There is exceptional British interest in this contest. About a quarter
of poll respondents say they do not care about the outcome, but that
leaves almost three quarters who profess to mind a good deal. There
is no great enthusiasm for the challenger, simply a visceral belief
that a world run by John Kerry would be a slightly less dangerous
place.
Most of our rulers share this view. An overwhelming majority of MPs
is rooting for Kerry, including apparently all the LibDems and Nationalists.

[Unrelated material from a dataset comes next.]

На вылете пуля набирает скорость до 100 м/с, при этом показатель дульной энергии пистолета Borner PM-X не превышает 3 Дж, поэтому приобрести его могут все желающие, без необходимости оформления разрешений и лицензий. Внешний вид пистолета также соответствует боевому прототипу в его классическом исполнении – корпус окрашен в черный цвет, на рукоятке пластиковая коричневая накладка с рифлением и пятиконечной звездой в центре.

The 71 Labour MPs who responded unanimously in favour of the Democrat
do not include Tony Blair and his closest acolytes. For them, the
departure of Bush would create wholly unwelcome uncertainties and
embarrassments.
Yet who can be surprised by the Labour backbenchers’ view? Politically,
the Iraq engagement and its accompanying deceits have been a disaster
for their party. These have gravely damaged confidence in their leader,
and involved the government in an unpopular entanglement of which
no end is in sight, and which must cost votes in a British general
election.
Students of American domestic policy might express surprise that Labour
MPs are so unimpressed by this US administration’s profligacy, worthy
of their own government. Bush has displayed a remarkable willingness
to pour taxpayers’ money into social programmes, some of a most unconservative
kind. Since foreigners do not benefit from this largesse, however,
and indeed are largely unaware of it, most Labour MPs judge Bush exclusively
by his foreign policy.
The split among Tory MPs reported by YouGov seems to reflect reality
in the party. We will leave aside the two flat-earthers who profess
support respectively for Ralph Nader and A.N. Other. A solid body
of Conservatives respects the clear direction of Bush’s policies on
social issues such as abortion and gay marriage, as well as on taxation.

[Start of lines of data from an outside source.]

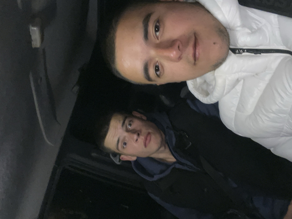 The scene, depicted as occurring within a vehicle in the city of Sopot, Bulgaria, features two adult males under low light conditions. The individual in the foreground, positioned on the right, has short dark hair, light brown eyes, and a small mole located on his chin. He is wearing a white hooded puffer jacket with a prominent black zipper and displays a neutral facial expression, appearing to be the subject taking the self-portrait. Seated behind and to the left of him, the second individual, also with short dark hair and light-colored eyes, exhibits a wide-eyed, open-mouthed expression. He is dressed in a dark blue hooded sweatshirt layered beneath a black vest. The vehicle's interior is dark, with only indistinct elements of the ceiling and upper window frames partially visible, offering no specific identifying details about the vehicle model or its immediate surroundings. The time of day appears to be night or a similarly dimly lit environment.
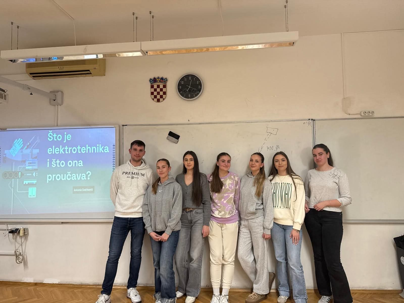 Prošlog petka, 23. siječnja 2026., u našoj školi održano je zanimljivo predavanje „Elektrotehnika i što ona proučava“. Predavanje je vodio student Fakulteta elektrotehnike i računarstva (FER-a) – Antonio Svetinović. Učenici su imali priliku postavljati pitanja i saznati više o ovom uzbudljivom području.
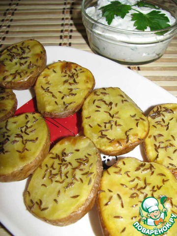 | Печеный картофель с тмином, я думаю, многие пробовали, а в сочетании с пряным творогом? Очень простое блюдо, с минимальным набором ингредиентов, но в то же время вкусное и сытное. |
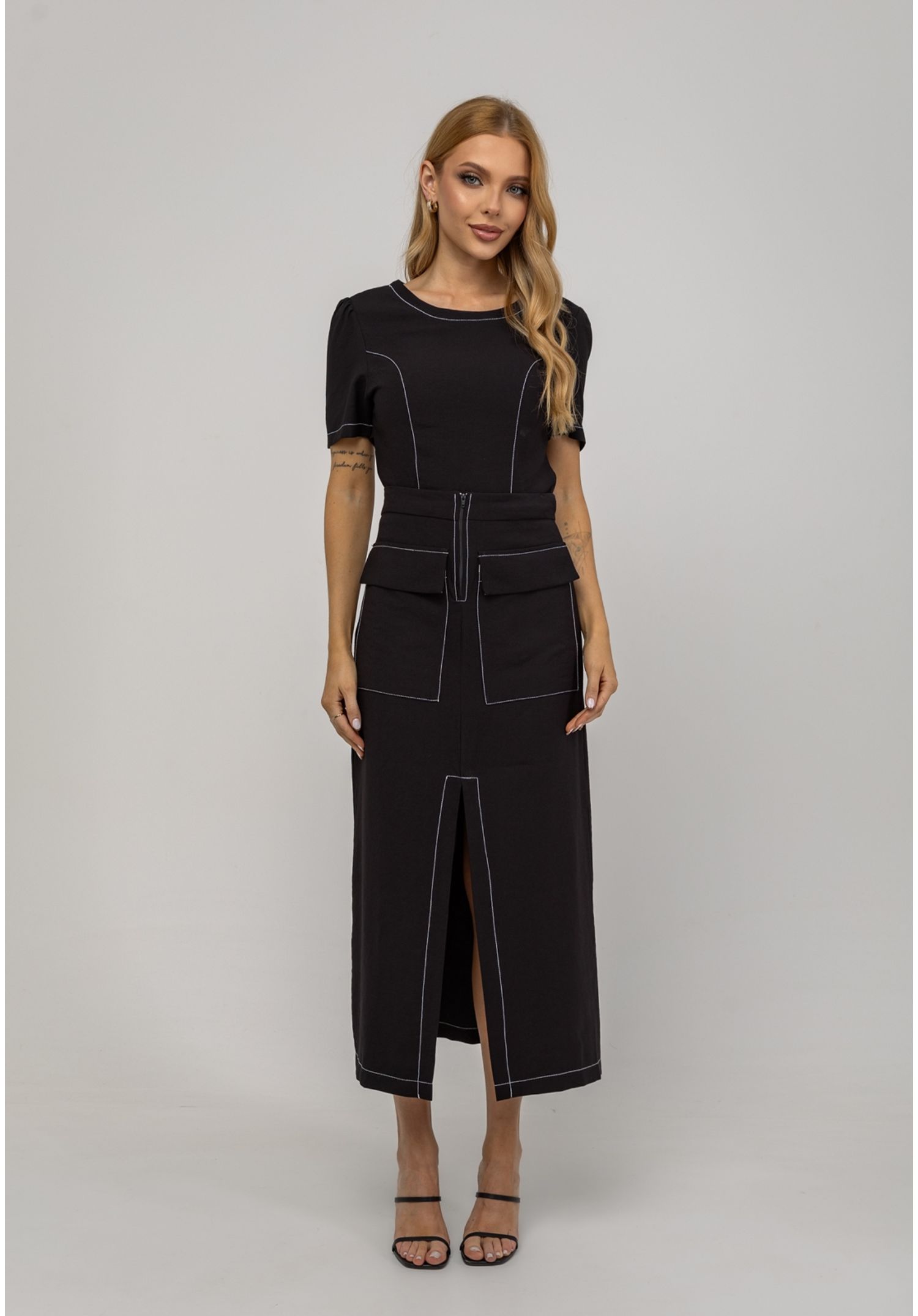 O recorte central com fenda frontal proporciona mobilidade e um toque de sensualidade discreta, equilibrando o estilo clássico com um toque contemporâneo.

Even some Tories dismayed by the administration’s clumsy handling
of Iraq are fearful that a Kerry presidency will prove a mandate for
hesitancy and drift.
They would argue that, in the age of international terrorism, this
is no time to change US leaders, to put the White House in the hands
of a man who seems weak rather than open-minded, uncertain of his
purposes rather than open to consultation with allies.
Yet only a small minority of the House of Commons espouses this view.
Most British MPs, like the British public, perceive Bush as brash,
ignorant, and recklessly simplistic in his assertion of American universalism.
The distinguished American Cold War historian John Lewis Gaddis observed
earlier this year, in his book on post-9/11 US policy, Surprise, Security
and the American Experience: ‘Within little more than a year and a
half, the United States exchanged its long-established reputation
as the principal stabiliser of the international system for one as
its chief destabiliser. This was a heavy price to pay to sustain momentum
[in ‘the war against terror’], however great the need for it may have
been ...good strategists know when to stop shocking and awing.’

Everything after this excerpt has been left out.